9月13日(日)、オープンキャンパスにて高校生の皆さんに体験授業「失語症って知っていますか?」を
実施しましたのでその一部をここでご紹介します。
「失語症」とは、これまで何不自由なく使っていた言語が脳の言語中枢のダメージによってうまく使えなくなる障がいです。
原因は様々ですが、主に脳卒中(脳梗塞や脳出血など)が多いです。
ほとんどの人は、成長とともに左脳に言語中枢が位置するようになります。
言語中枢では、相手の音声を聴いて理解する「聴覚理解」や文字を読んで理解する「読解」など「インプット」にかかわる中枢と、自分の想いを「話す」「書く」という「アウトプット」にかかわる中枢があります。

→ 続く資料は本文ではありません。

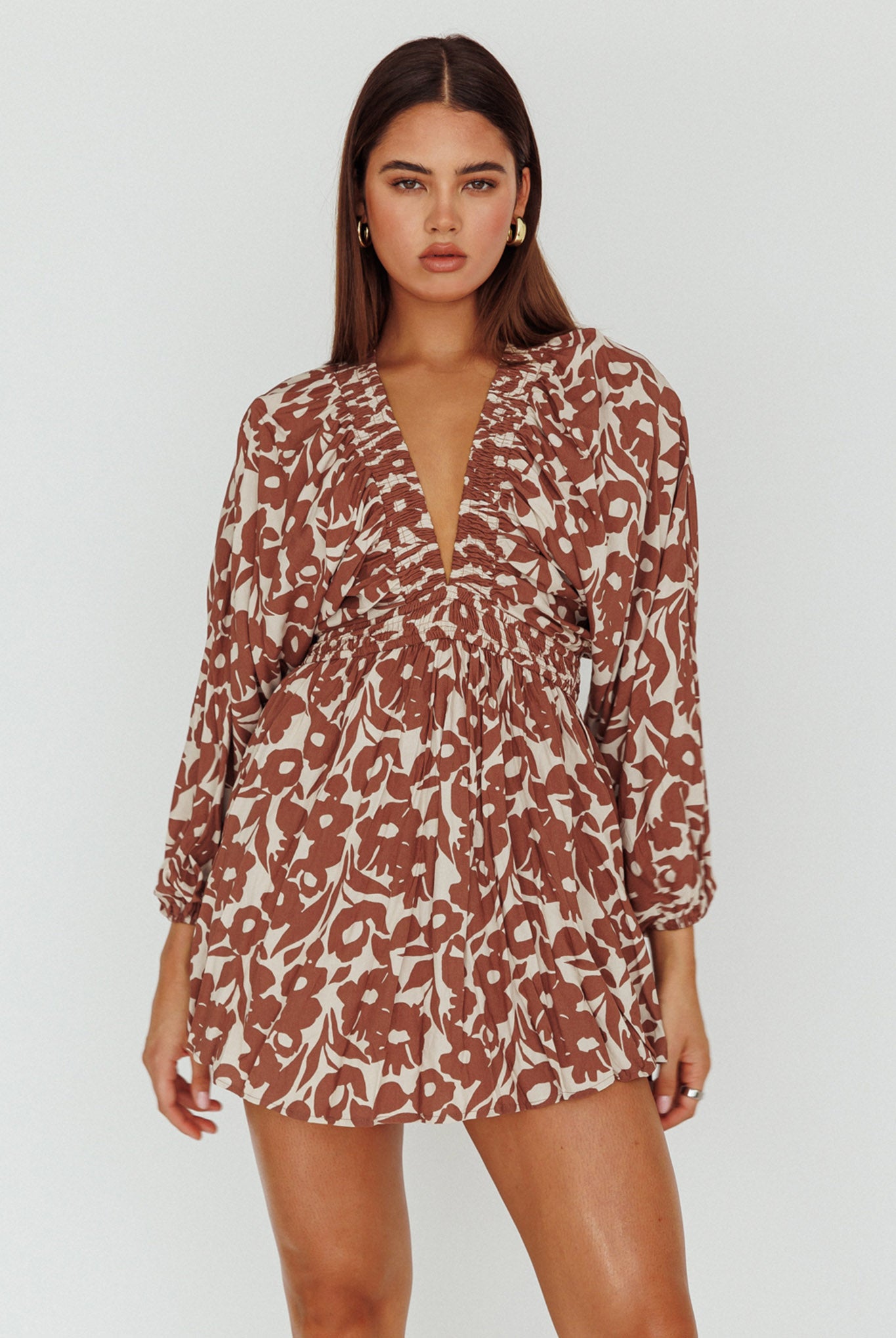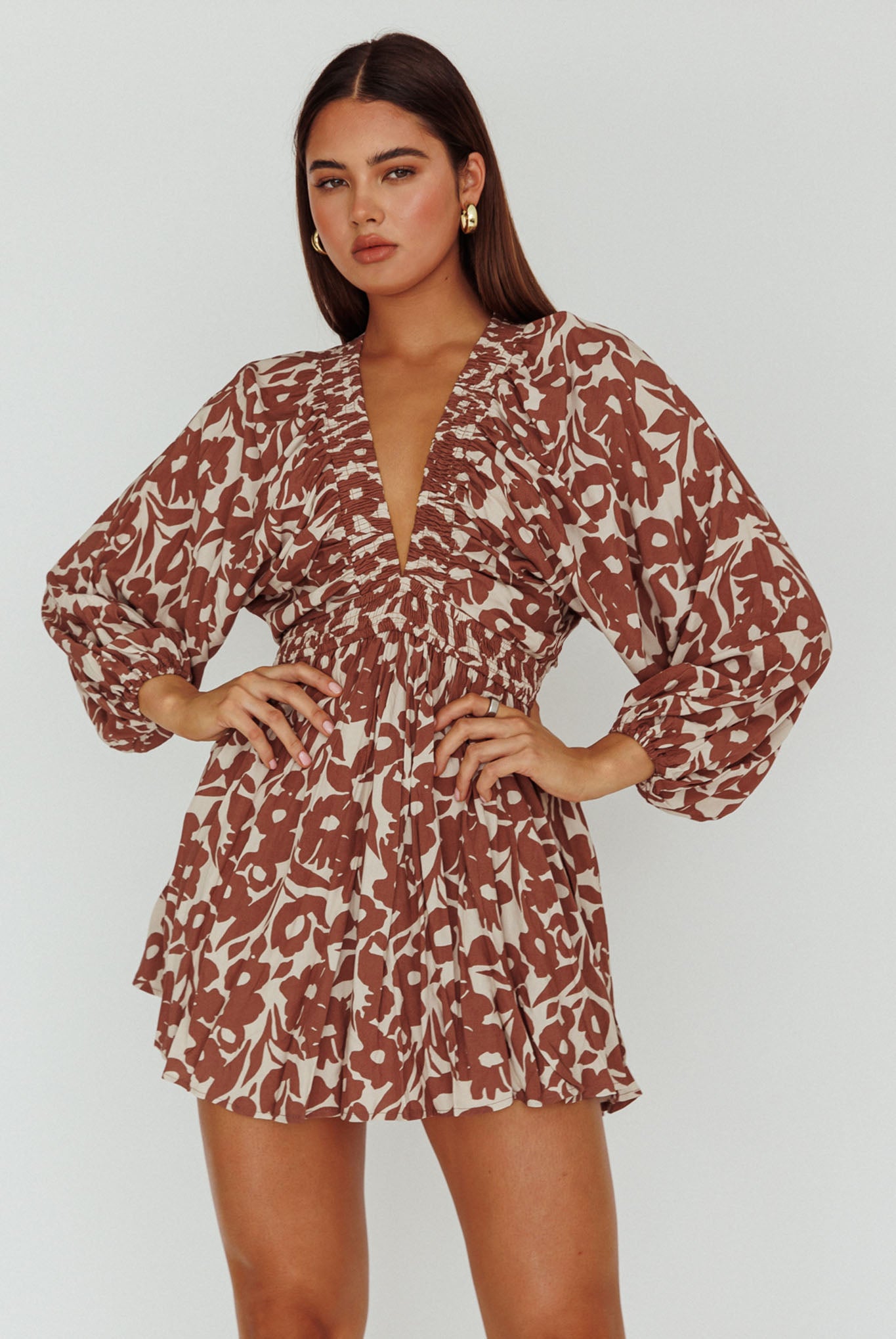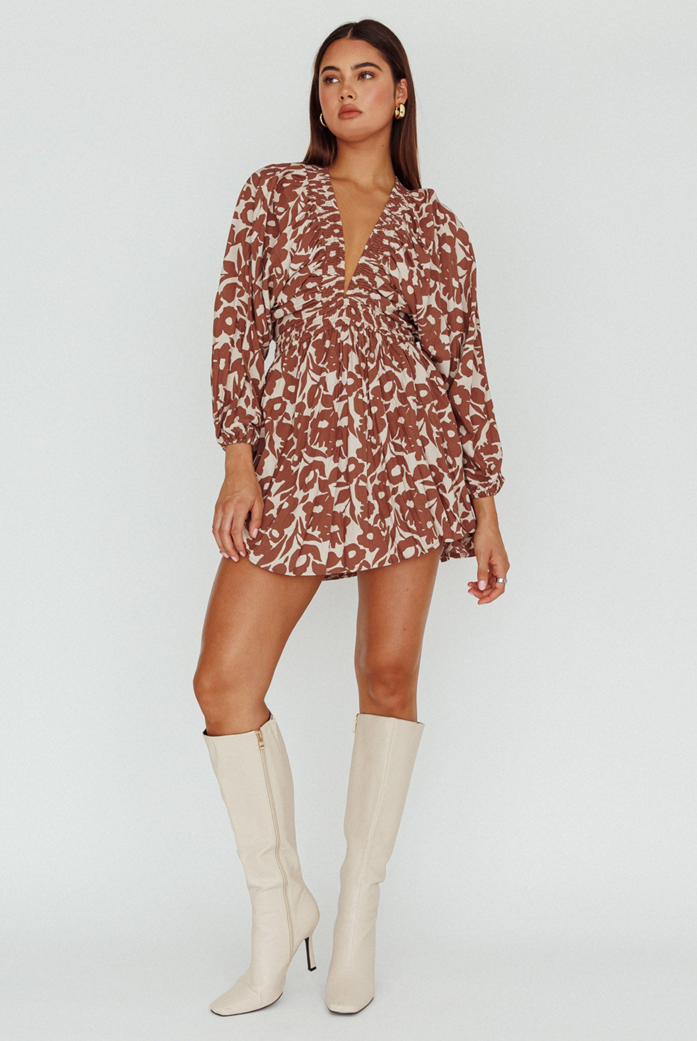 Breeze through your Saturday in our pretty Going Your Way mini dress. Featuring long, balloon sleeves and an elasticated waist. It's perfect for lunch dates with your girls teamed with boots and a tote for a cute look.

前者は主に大脳後方に、後者は主に大脳前方に位置します。
ですので、ダメージを受ける部位によって、失語症の症状は様々なのです。
例えば、「聴覚理解」に支障はないが「話す」「書く」のが困難なアウトプット障がい型、比較的流暢に「話す」が誤りが多く「聴覚理解」での問題が主要因のインプット障がい型などです。

*言いたいことはたくさんあるのに違う言葉が浮かんでくる、出てこない・・・・
*コミュニケーションに自信がなくなり、他者と関わるのを遠慮してしまう・・・・
*突然、言葉の通じない国へ放り出されたみたい・・・・
などなど失語症者の多くは上記のような経験をされています。
しかし、失語症者の多くは障がいを乗り越えて、生命力に溢れ、強く、楽しく人生を謳歌しておられる方が多いです。我々、言語聴覚士は本来支援する側の立場ですが、そのようなたくましい患者さん(先輩)から人生について学ばせていただけることがあります。
失語症になってからも美しい人生を過ごすことができるよう、言語聴覚士は科学的知見に基づいて専門的に幅広く支援します。